How Physical Therapy Helps Manage Chronic Pain

 

Source: practicalpainmanagement.com

 

Approximately 50 million in the United States are suffering from chronic pain. What is chronic pain, and how is it different from the ordinary pain that we sometimes feel?

Chronic pain can impede your daily recreational and professional activities, and it can have a significant impact on your capacity to focus, relax, and live a happy life. Several therapies are available to help manage chronic pain – massage, exercise, acupuncture, medications, and other forms of treatments.
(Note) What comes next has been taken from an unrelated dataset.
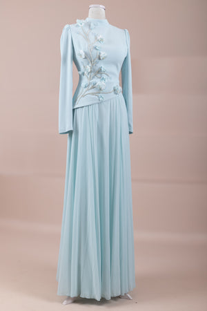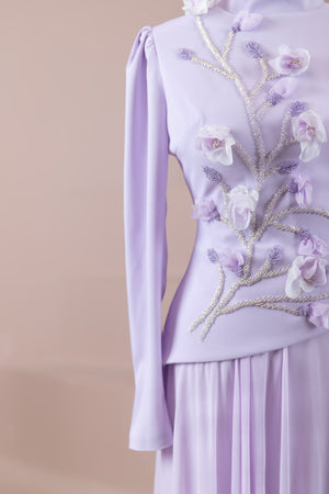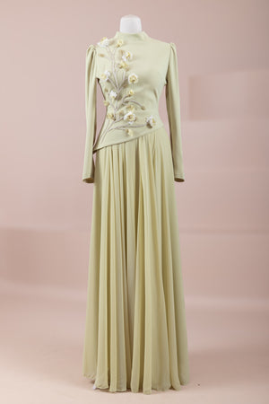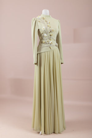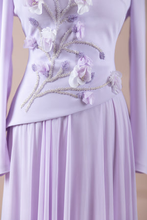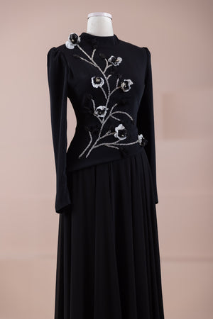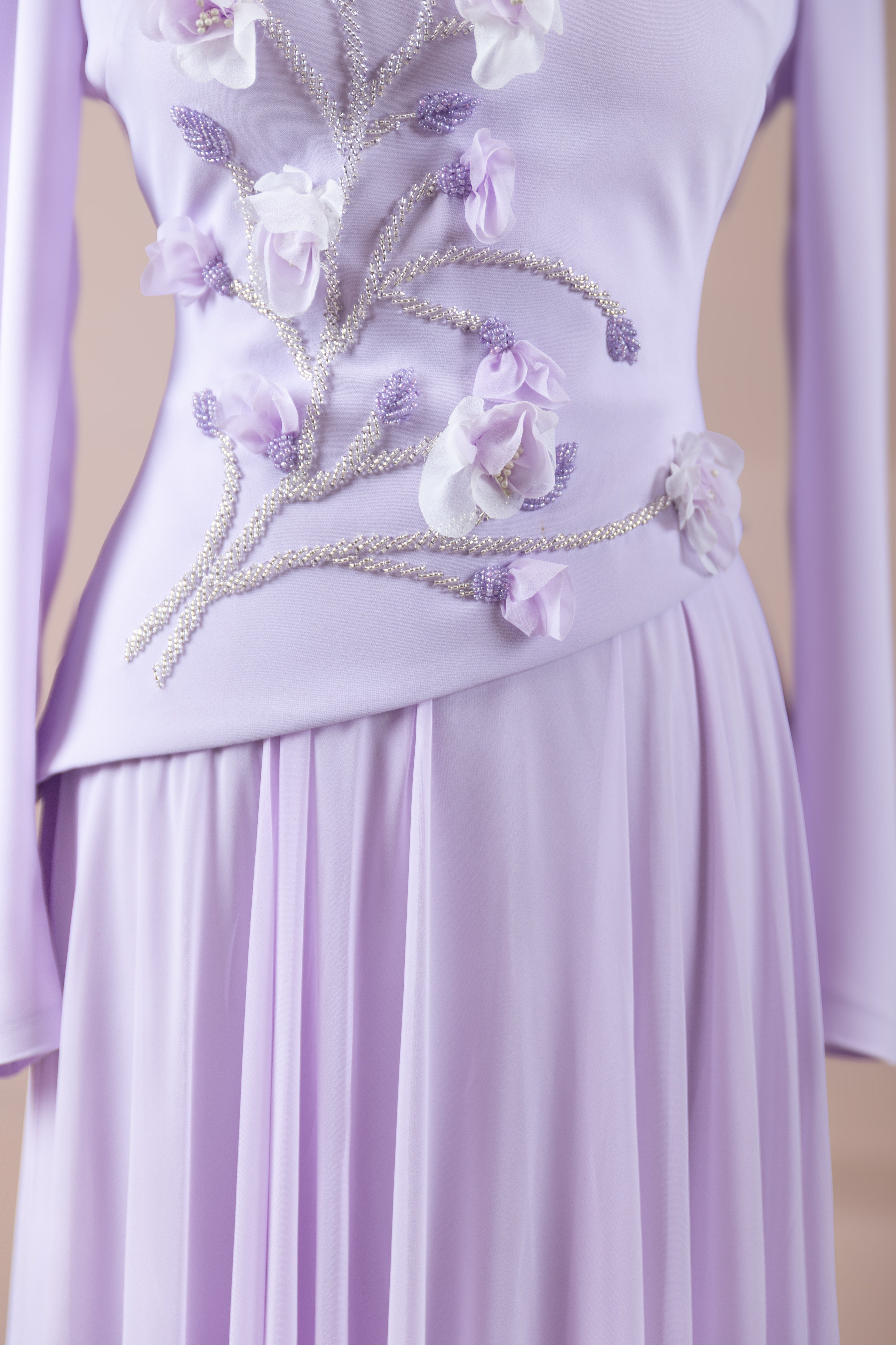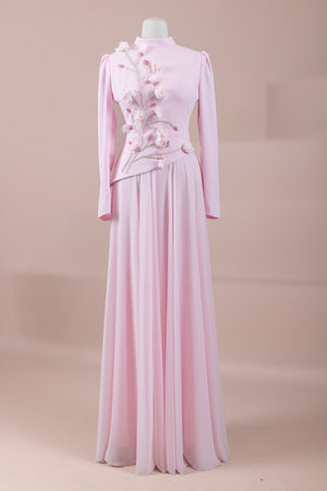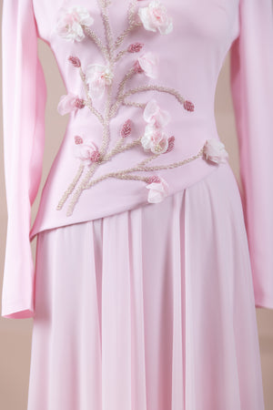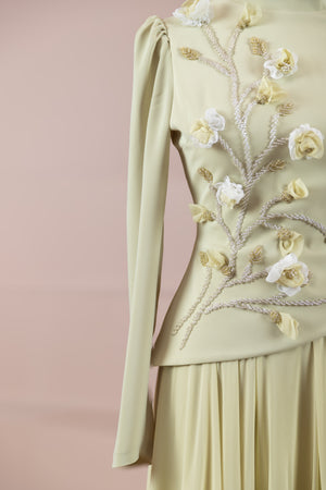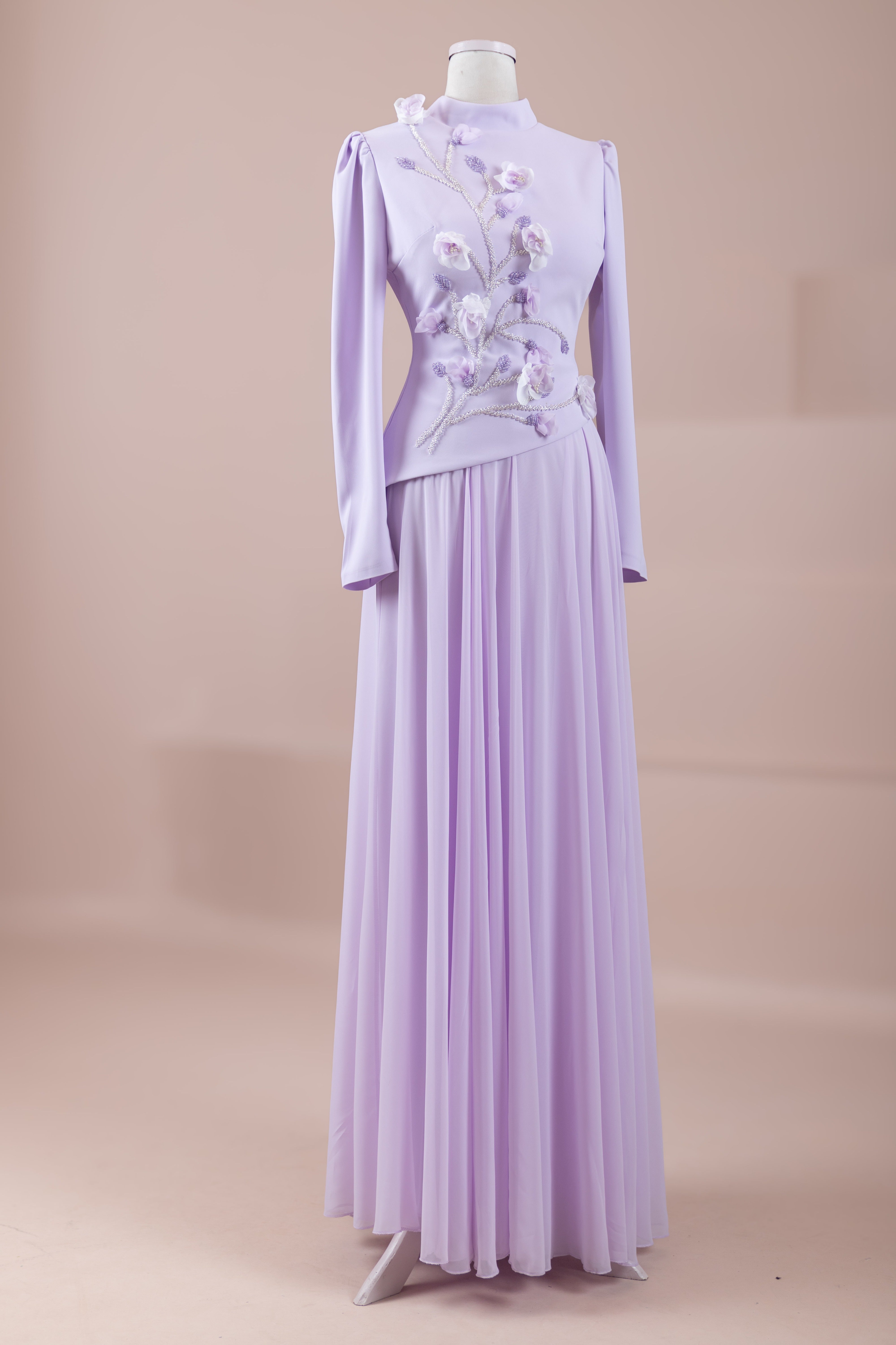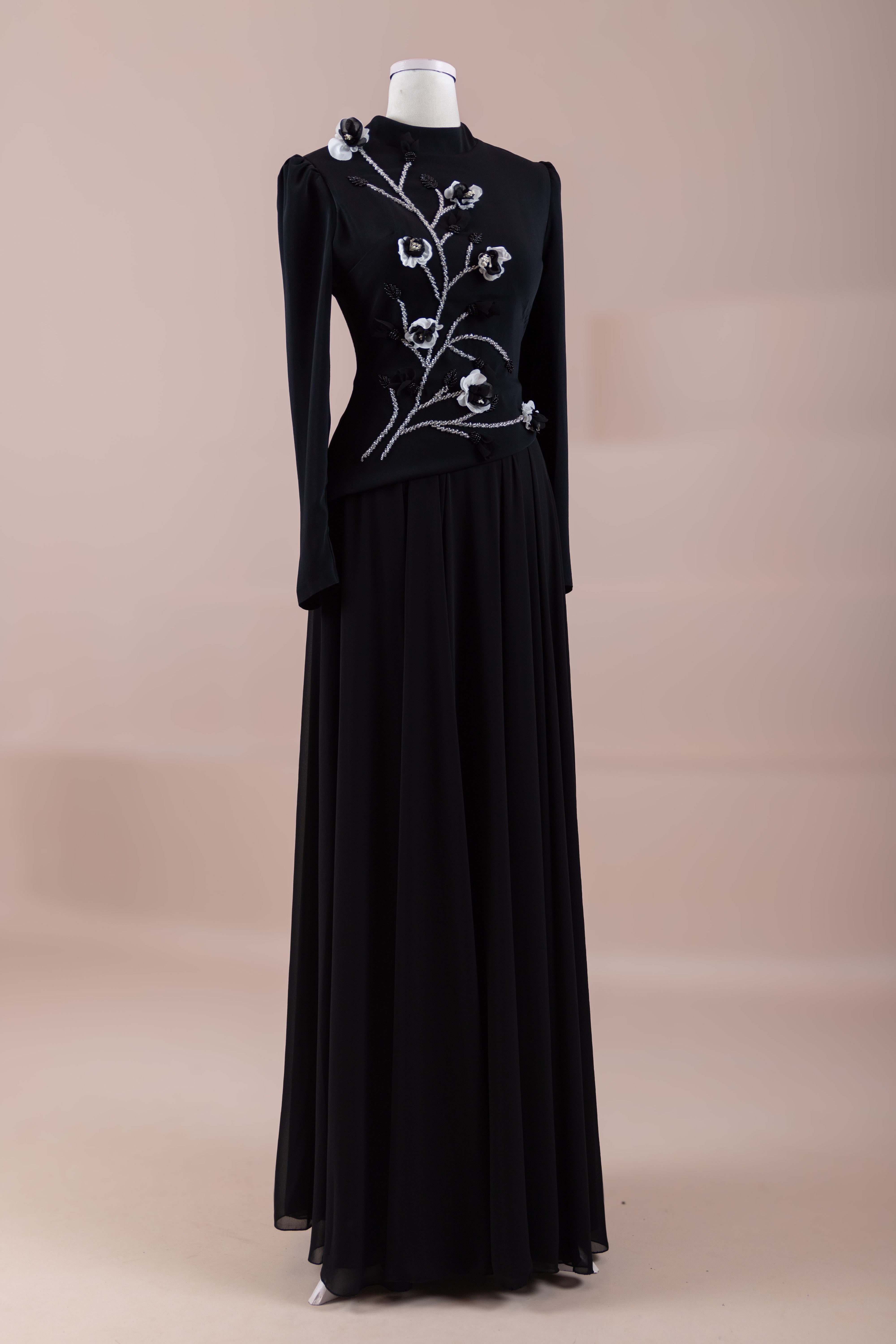 – Göğüs ve bel hattında zarif çiçek motifli işlemeler

Undergoing physical therapy for your chronic pain is also an excellent choice, and it might help you control your pain and restore normal mobility.
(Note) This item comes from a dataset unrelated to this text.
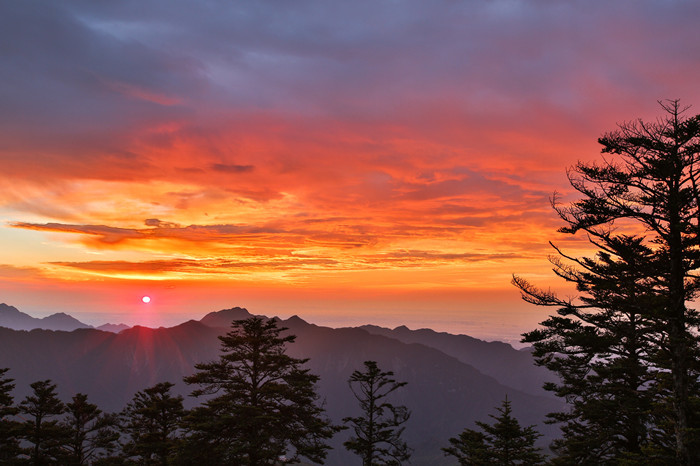 看着云彩一点点被染上金黄,蔓延开来,半边天空的云越来越红,远处的蒸腾云海和黛绿群山,近处的房屋、栈道、树木、人,都被披上了一层金色的光芒,太阳终于像弹力球一样从云层中蹦出来,整个西岭沐浴在一片金色光辉之中……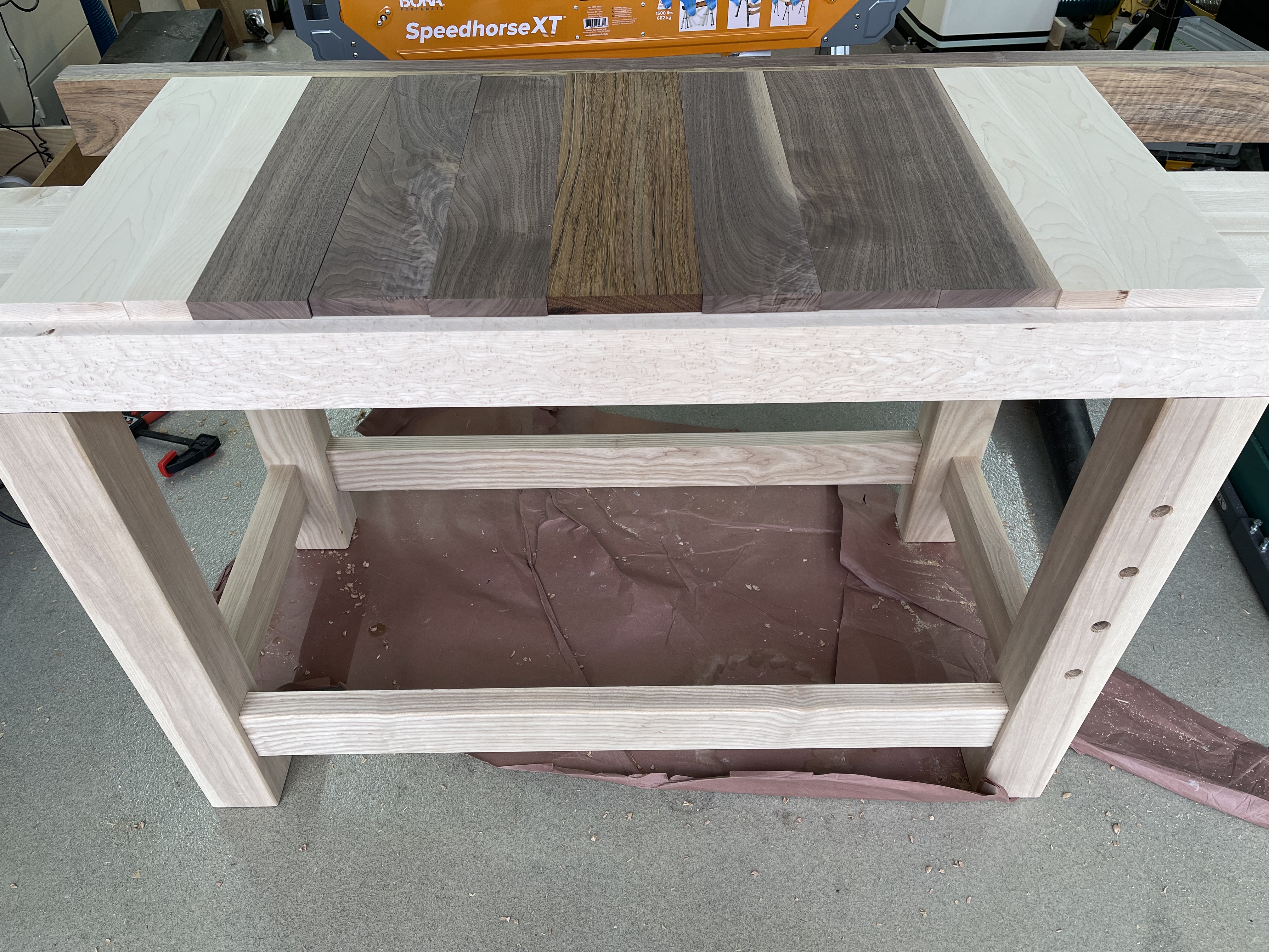 VPI Posted March 21, 2023 Report Posted March 21, 2023 Trying to decide if I go all walnut for the bottom ship lap shelf or incorporate the Jatoba, maple and walnut from the top. Also got the final glue-ups of the top done so now only one more time wrestling them through the planer. 2

If you suffer from chronic pain, seeking assistance from a physical therapist can tremendously help alleviate your pain, and your therapist can provide techniques for self-management of your pain. What does physical therapy for chronic pain entail? And in the first place, what is chronic pain?

Chronic Pain

The most basic meaning of chronic pain is pain that has existed for more than 12 weeks. But it could be more complicated than this, and the most suitable means to understand this type of pain is to know more about its close relative: acute pain. Acute pain is a type of pain that has a sudden onset and disappears after a few weeks. Usually, acute pain is a result of traumatic events that harm the body’s tissues.

For example, if you hurt your hand with a hammer, this results in acute pain. This pain is severe and abrupt, and you can identify the cause of the pain. Your hand becomes inflamed, painful, and red. For a few weeks, this pain disappears as your hand recovers.

Source: everydayhealth.com

Now picture yourself smashing your hand with a hammer all over again. Your hand gets inflamed, sore, and red. However, this time, picture your hand pain progressing long after the indications of the injury have subsided. The tissues are obviously healed, but your hand is still aching. When you attempt to move your hand, the pain is still there and is even worse. This is known as chronic pain.

It can often be perplexing to describe chronic pain, and it can inhibit you from focusing and doing your normal day-to-day activities. To add to that, managing chronic pain can confuse your doctor and leave you puzzled as well.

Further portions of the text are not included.